Dalam pandangan Freud, setiap tahap difokuskan pada aktivitas seksual dan kesenangan yang diterima dari wilayah tertentu dari tubuh. Pada fase oral, anak-anak terfokus pada kenikmatan yang mereka terima dari mengisap dan menggigit dengan mulut mereka. Pada fase anal, pergeseran fokus ini untuk anus ketika mereka mulai toilet training dan berusaha untuk mengendalikan perut mereka. Pada tahap phallic, fokus bergerak terhadap rangsangan genital dan identifikasi seksual yang datang dengan memiliki atau tidak memiliki penis. Selama fase ini, Freud berpikir bahwa anak-anak gilirannya minat dan kasih terhadap orang tua mereka dari lawan jenis dan mulai sangat membenci orang tua jenis kelamin yang sama. Ia menyebut gagasan ini sebagai Oedipus Complex karena erat mencerminkan peristiwa tragis yang bermain Yunani kuno di mana seorang raja bernama Oedipus berhasil menikahi ibunya dan membunuh ayahnya. The phallic / Oedipus tahap dianggap diikuti dengan periode laten selama dorongan seksual dan bunga untuk sementara tidak ada. Akhirnya, anak-anak berpikir untuk memasuki dan tinggal dalam tahap Genital akhir di mana minat seksual dewasa dan aktivitas datang untuk mendominasi. 
teori Freud difokuskan pada identifikasi bagian-bagian kesadaran. Freud berpikir bahwa semua bayi pada awalnya didominasi oleh bawah sadar, insting dan egois mendesak untuk kepuasan segera yang berlabel Id tersebut.
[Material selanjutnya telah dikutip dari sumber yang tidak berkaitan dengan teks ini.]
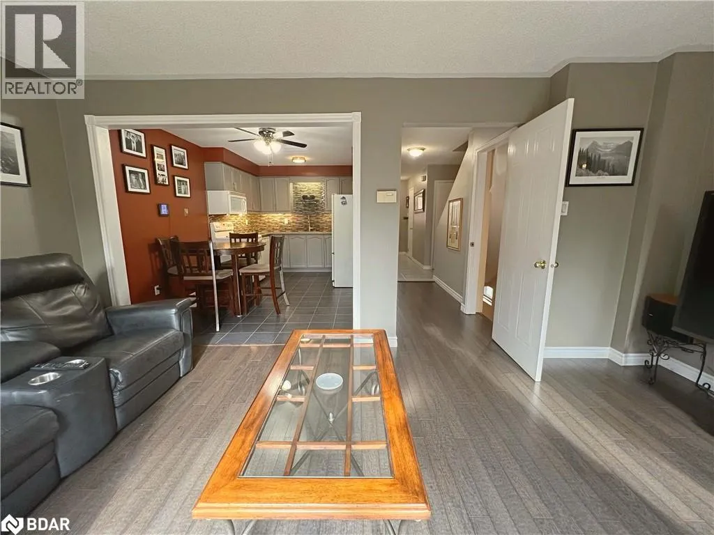 Queen St. N to Potter Cres Move-In Ready Townhouse on a Corner Lot with No Rear Neighbours! Step into your dream starter home! This charming end-unit townhouse is perfect for first-time buyers, offering a bright, open-concept main floor with a spacious foyer, powder room, & direct garage access. The modern eat-in kitchen comes fully equipped with all the appliances you need, while the sun-filled great room is perfect for movie nights or hosting friends. Upstairs, you'll find three generously sized bedrooms & an updated 4-piece bathroom, ideal for growing families or guests. Downstairs, the fully finished basement is an entertainers paradise, featuring a rec room with an entertainment system (TV with wall mount, surround sound, & bar fridge), a cozy office nook, a powder room, & a utility room for extra storage. Enjoy your morning coffee or summer BBQs in the large, fully fenced backyard overlooking a beautiful park with no rear neighbours means extra privacy! Plus, you're just a short walk to shops, downtown, & great schools.This home is truly move-in ready & waiting for you to make it your own! (id:27476)

Sebagai bayi mencoba dan gagal untuk mendapatkan semua keinginan mereka bertemu, mereka mengembangkan apresiasi yang lebih realistis tentang apa yang realistis dan mungkin, yang disebut Freud "Ego". Seiring waktu, bayi juga belajar tentang dan datang untuk menginternalisasikan dan mewakili nilai-nilai orang tua mereka dan aturan. Aturan-aturan ini internalisasi, yang disebut "Super-Ego", merupakan dasar bagi hati nurani anak berkembang bahwa perjuangan dengan konsep-konsep karya benar dan salah dan dengan Ego untuk mengontrol kepuasan segera mendesak dari Id ini.
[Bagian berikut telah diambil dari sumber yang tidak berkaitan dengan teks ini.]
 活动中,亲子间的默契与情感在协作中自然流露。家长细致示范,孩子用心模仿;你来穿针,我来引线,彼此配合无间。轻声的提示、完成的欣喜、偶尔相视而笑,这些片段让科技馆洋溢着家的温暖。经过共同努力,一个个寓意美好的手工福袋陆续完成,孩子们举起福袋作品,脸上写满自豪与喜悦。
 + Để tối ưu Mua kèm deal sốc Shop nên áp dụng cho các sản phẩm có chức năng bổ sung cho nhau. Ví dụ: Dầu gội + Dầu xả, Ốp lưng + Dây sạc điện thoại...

Dengan standar yang ketat hari ini ilmiah, teori psikoseksual Freud tidak dianggap sangat akurat. Namun, masih hari ini penting dan berpengaruh karena perkembangan teori tahap pertama yang mendapat perhatian nyata, dan teori lainnya menggunakannya sebagai tempat awal.Sigmund Freud, yang dianggap sebagai bapak psikoanalisis telah datang dengan teori psikoanalitik banyak yang terutama bertujuan untuk membedakan dan menjelaskan mengapa beberapa orang merasa sehat dan baik, sedangkan yang lain menderita gangguan mental.
 Kepribadian Pembangunan di Teori psikoanalitik Sigmund Freud mengatakan bahwa, kepribadian memiliki tiga komponen. 
1. Id ( insting dan dorongan kepuasan) yang sudah muncul sejak lahir.Id-mentah ini, bagian progeni kepribadian keinginan dan kepuasan seketika gembira, memotong efek potensial.
2. Ego ( daya nalar,proses mental, pikiran sehat, realitas). Muncul ketika usia satu tahun. Penyeimbang ID dan Superego.Ego-Bagian koheren kepribadian, ego usher seseorang melalui kehidupan dan perubahan dia untuk membuat pilihan yang baik.
3. Superego ( nilai-nilai sosial) muncul ketika usiia dewasa.Super-ego-ini adalah kebalikan dari id, itu adalah segi moral kepribadian, dan itu memungkinkan seseorang untuk menjalani rasa bersalah. 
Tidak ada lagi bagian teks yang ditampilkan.